**Problem requirements:** Please set down the data again exactly, minus the pictures.

**Data excerpt:**
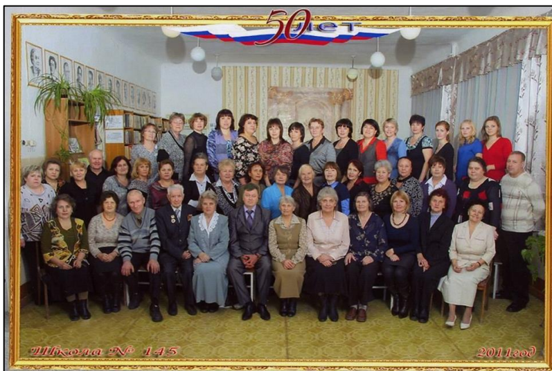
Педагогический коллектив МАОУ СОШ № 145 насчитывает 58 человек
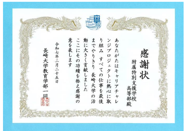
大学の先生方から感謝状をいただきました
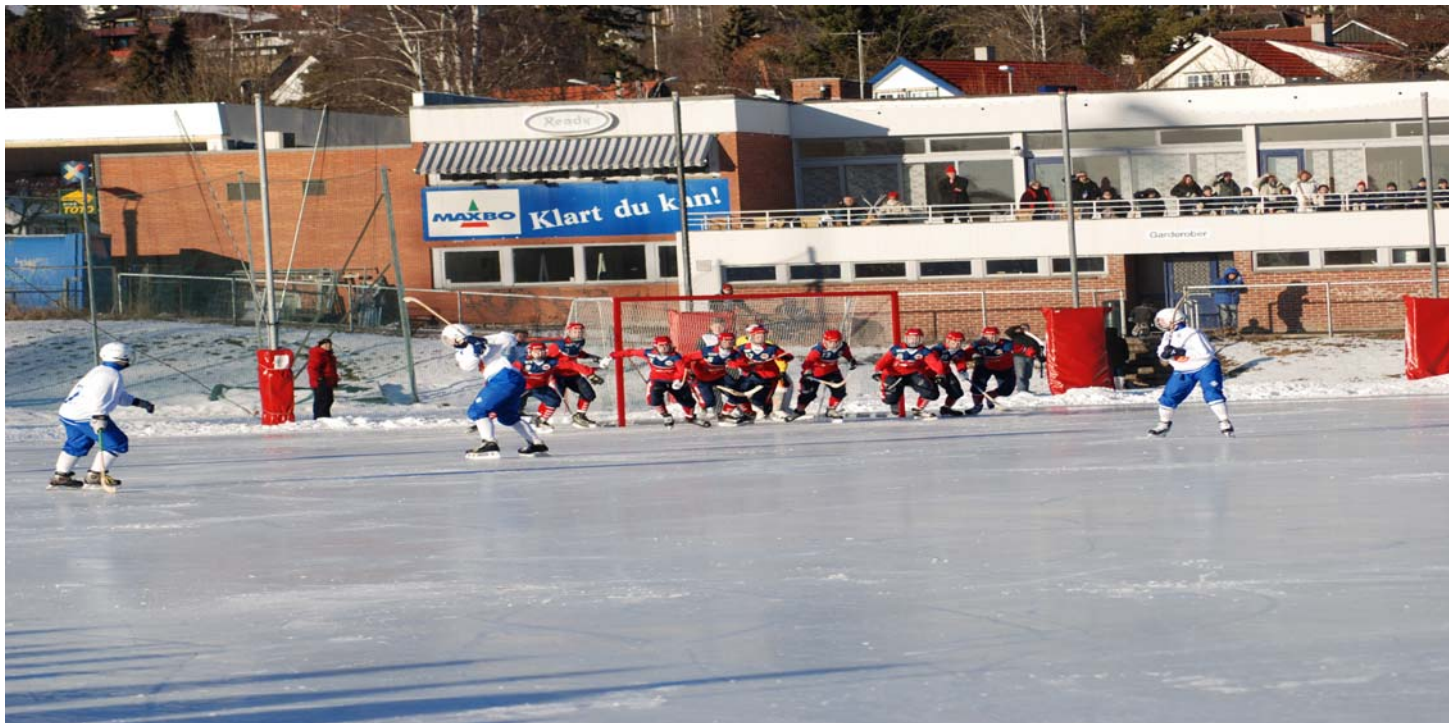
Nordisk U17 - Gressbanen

**Exercise solution:**
Педагогический коллектив МАОУ СОШ № 145 насчитывает 58 человек
大学の先生方から感謝状をいただきました
Nordisk U17 - Gressbanen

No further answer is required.